CMS and Proskauer confirm women in top leadership positions

Penelope Warne to serve second term as CMS senior partner as Daryn Grossman becomes Proskauer's second-ever managing partner

Women lawyers have secured leadership positions at top international firms on either side of the Atlantic. In London, CMS announced on Friday (24 January) that its partners have voted in senior partner Penelope Warne (pictured) to serve a second term at the head of the UK LLP, a top 10 UK firm with revenue last year of £546m ($715m).

On the same day Proskauer announced the appointment of co-head of corporate Daryn Grossman as its managing partner, completing a leadership handover at the firm following the appointment last autumn of Steven Ellis as chairman elect.

Warne will serve an additional four-year term at the helm of CMS, having originally taken the reins at the expansionist firm in 2014.

The firm said she had sought to place diversity at the top of its agenda, noting that 40% of its board are women while women make up 30% of the firm’s UK partnership.
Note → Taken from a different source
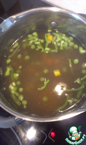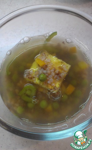 • В кипящий бульон сначала добавляю морковь и горошек, спустя минут 5 перец и гречку, и специи по вкусу, и варю до готовности гречки
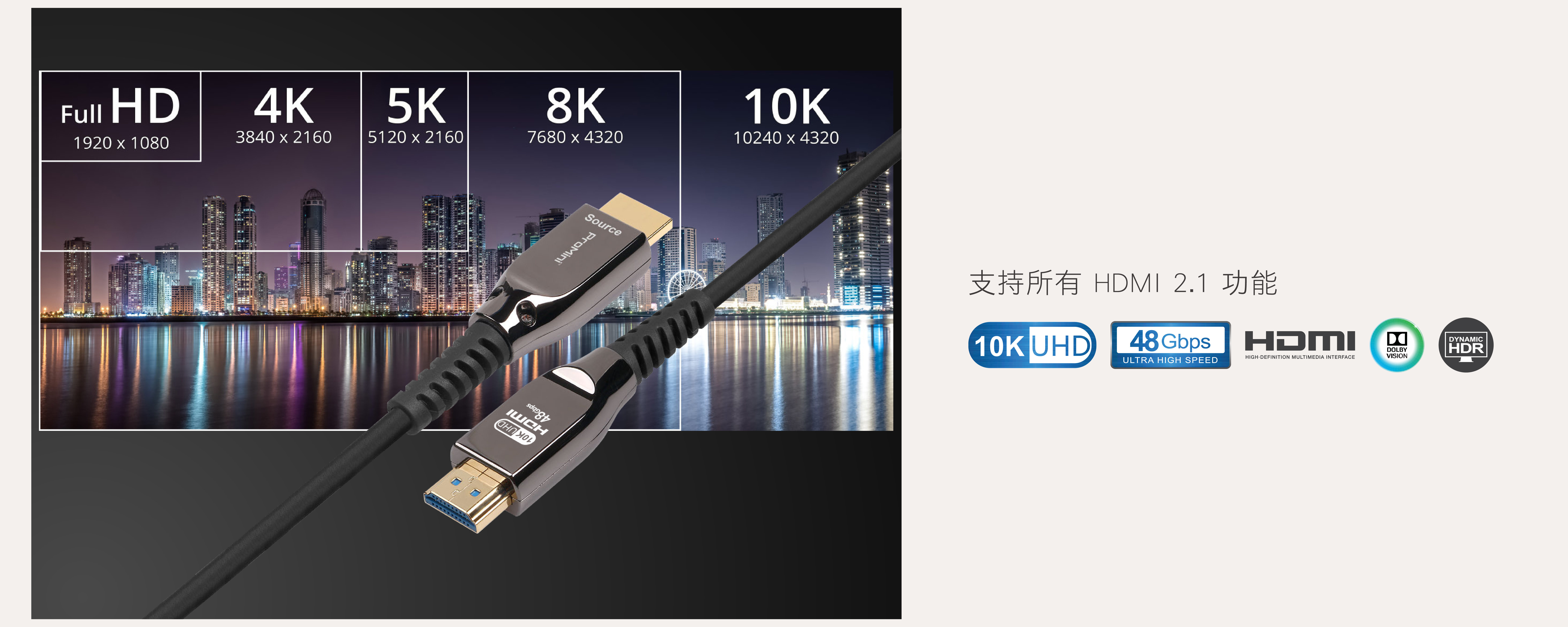 • 傳輸速率:48Gbps,確保影像訊號無壓縮傳輸。

Meanwhile, revenue has more than doubled over the past five years, fuelled by two sets of mergers: with top Scottish firm Dundas & Wilson in 2014; followed by the tripartite merger with Nabarro and Olswang in 2017

Warne said CMS had undergone “a truly extraordinary transformation through mergers and strategic growth” adding that she would “continue promoting a strong and supportive culture” at the firm.

At Proskauer, where firm-wide revenue approached $1bn last year, Grossman succeeds Bruce Lieb as the firm’s second-ever managing partner.

Grossman becomes managing partner after 17 years as a corporate partner at Proskauer, most recently as co-chair of the 350-lawyer strong corporate department.

She is also credited with creating the firm’s life sciences group and counts the diversity task force among the firm-wide committees she has served on.

Her appointment completes a leadership shake-up at the firm. Last autumn Steven Ellis, co-chair of the private credit group, was named as the successor to the firm’s chair, Joseph Leccese.

Lieb and Leccese had been at the helm of the firm for nine years, overseeing a near doubling of profits, according to the firm, which also credits them with promoting a successful diversity agenda and securing “enormous expansion in its transactional practices and London office”.

Last year, the firm, which also has a European office in Paris, was named European firm of the year for fund formation by the magazine Private Equity International.